Nowt but a fleeting thing: film screening and Q&A
A live screening and Q & A of ‘Nowt But a Fleeting Thing’ with Director Dom Bush and Cumbrian farmers and conservationists Adam Crowe and Helen Rawlinson. The film, released in 2019, was jointly commissioned by Guardian Documentaries and Joseph Rowntree Foundation and tells the story of Adam, Helen and Adam’s dad Raymond as they navigate the challenges of farming in a changing world.
Helen Rawlinson and Adam Crowe started their flock of Devon Closewool sheep in late 2017 as a first move into farming, with the help of a loan from the Jason Kanabus Foundation (via Cumbria Farmer Network) and a grant from the Henry Plumb Foundation. They also have a small herd of cows. They are graziers of damson and apple orchards and a limestone grassland nature reserve and have a short term tenancy on 7 hectares of meadow and pasture in South Cumbria. They try to blend direct sales of farm produce with land management for nature conservation – it’s not simple! Helen and Adam are also often helped by Sam, their one year old, and wonder how other farming families make it look so easy. Alongside Helen is Countryside Officer for Arnside & Silverdale AONB and Adam works between the rented family farm and a long-running conservation grazing business, part of which he will take on as a share-farmer in 2021.

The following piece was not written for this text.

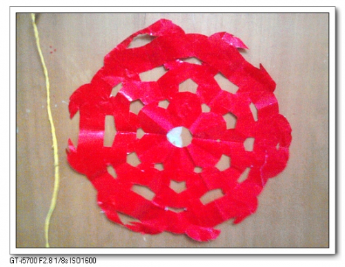昨晚回家,婷让我看她画得一堆彩色的花,很漂亮。忽然想起以前看的一个手工,开始动手。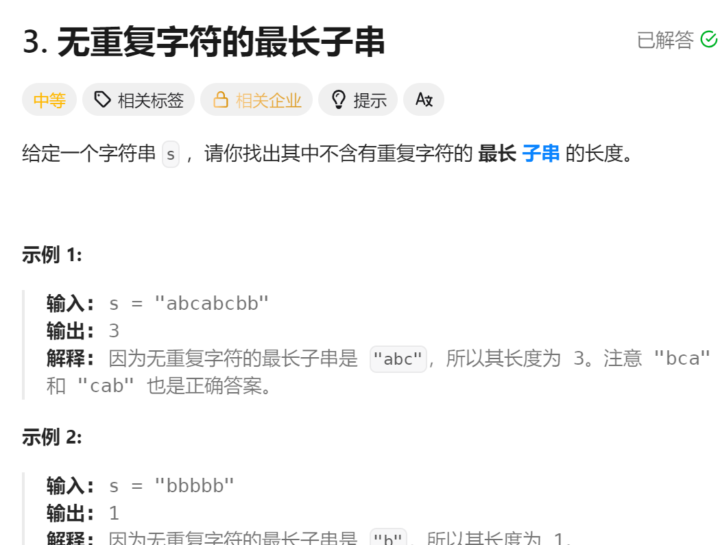 2、无重复字符的最长子串

Dom Bush was brought up on a smallholding in northern Cumbria and is closely connected to the landscape and traditions of the rural northwest. He set up Land & Sky Media in 2011 to make films that explore an instinctive bond to the land. After becoming a fixture of the adventure and mountain film industry, Dom continues to develop his work in creative and social documentary. Dom’s most recent commission for Guardian Documentaries, ‘Nowt But a Fleeting Thing’ explores the pressures of traditional hill farming in South Cumbria and was released in 2019. His films have been screened throughout the UK festival circuit and abroad, winning many awards, and broadcast on Channel 4 and All4.